Traditionally, bougatsa is served as a sweet breakfast treat but it also makes a great snack or dessert too. I mean, lets be honest, any excuse to eat it is a good one!

Bougatsa slice showing crispy filo and creamy custard layers on a pink plate.

Ingredients in Bougatsa

  • Eggs

  • Butter

  • Sugar

  • Milk

  • Semolina

  • Vanilla extract

  • Filo

  • icing sugar for dusting

  • cinnamon for dusting

How to make Bougatsa

The full details are in the recipe below but essentially, this recipe comes down to these easy steps:

  1. Whisk the eggs. In a small bowl, whisk the eggs and set them aside.

  2. Prepare the custard. In a medium saucepan over medium heat, add 1/4 cup butter and sugar. Whisk until the butter is melted and then add the milk, semolina, and vanilla extract. Lower temperature to medium-low and continue to whisk until the milk heats up but is not boiling. Slowly add the eggs, whisking continuously the whole time. Continue to whisk until the custard thickens, about 4-5 minutes. Remove from heat and set aside to cool.

  3. Layer the filo sheets. Generously grease an 8×8 baking pan with melted butter and lay out a filo sheet in it, allowing the excess filo to hang over the sides of the pan. Brush the filo sheet with butter and add another filo sheet over top, once again allowing the excess filo to hang over the edges of the pan. Repeat until you have used 5 filo sheets.

  4. Add the custard and more filo. Pour the custard into the baking dish and gently fold over the overhanging filo edges to envelope the custard. Brush the filo again with butter and add another filo sheet over top, scrunching the filo so that it fits nicely into the square pan. Brush again with butter and add one more filo sheet, scrunching it again and brushing it generously with butter.

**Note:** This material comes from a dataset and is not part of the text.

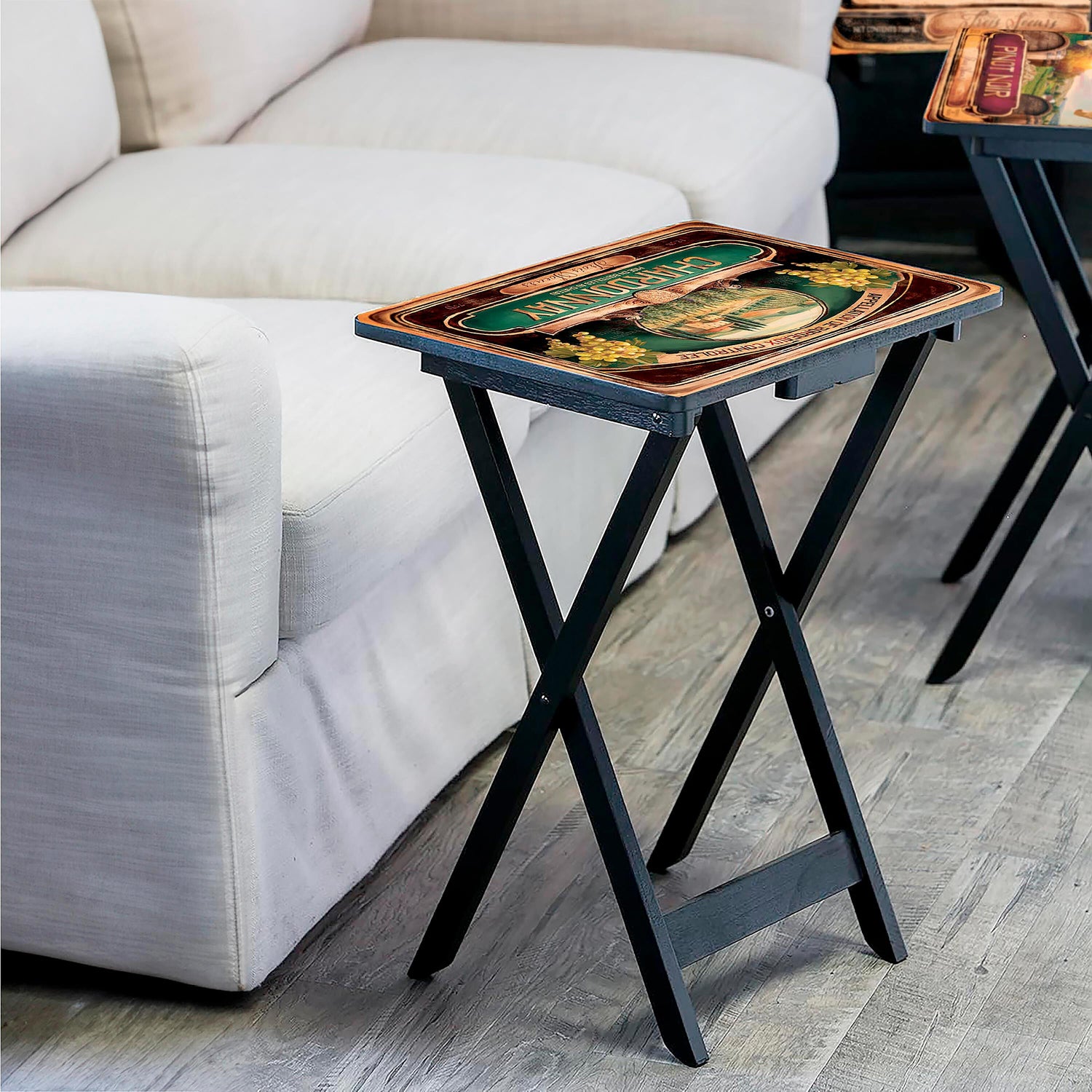 Discover the convenience of added dining areas with our Set of four TV Trays. Perfect for small gatherings or cozy nights in, these trays bring the charm of a vineyard to your home, allowing you to dine with ease and style to living room, den, man cave and kitchen.

  5. Bake, dust and serve! Bake the bougatsa for about 40 minutes or until it has turned a nice golden brown. Allow to cool for 10 minutes and then dust generously with icing sugar and cinnamon. Slice and serve!
Steps for making bougatsa
Baking pan with baked bougatsa topped with icing sugar and cinnamon on a marble countertop.

How to store leftover bougatsa

Leftover bougatsa should be stored in the fridge. Once cooled, place the bougatsa slices in a covered container and refrigerate.

How to reheat bougatsa

Since, bougatsa is best when eaten warm, you will want to warm up leftover bougatsa for the best results. To warm up bougatsa, place slices on a parchment lined baking sheet and warm in the oven at 350F until it is warmed all the way through.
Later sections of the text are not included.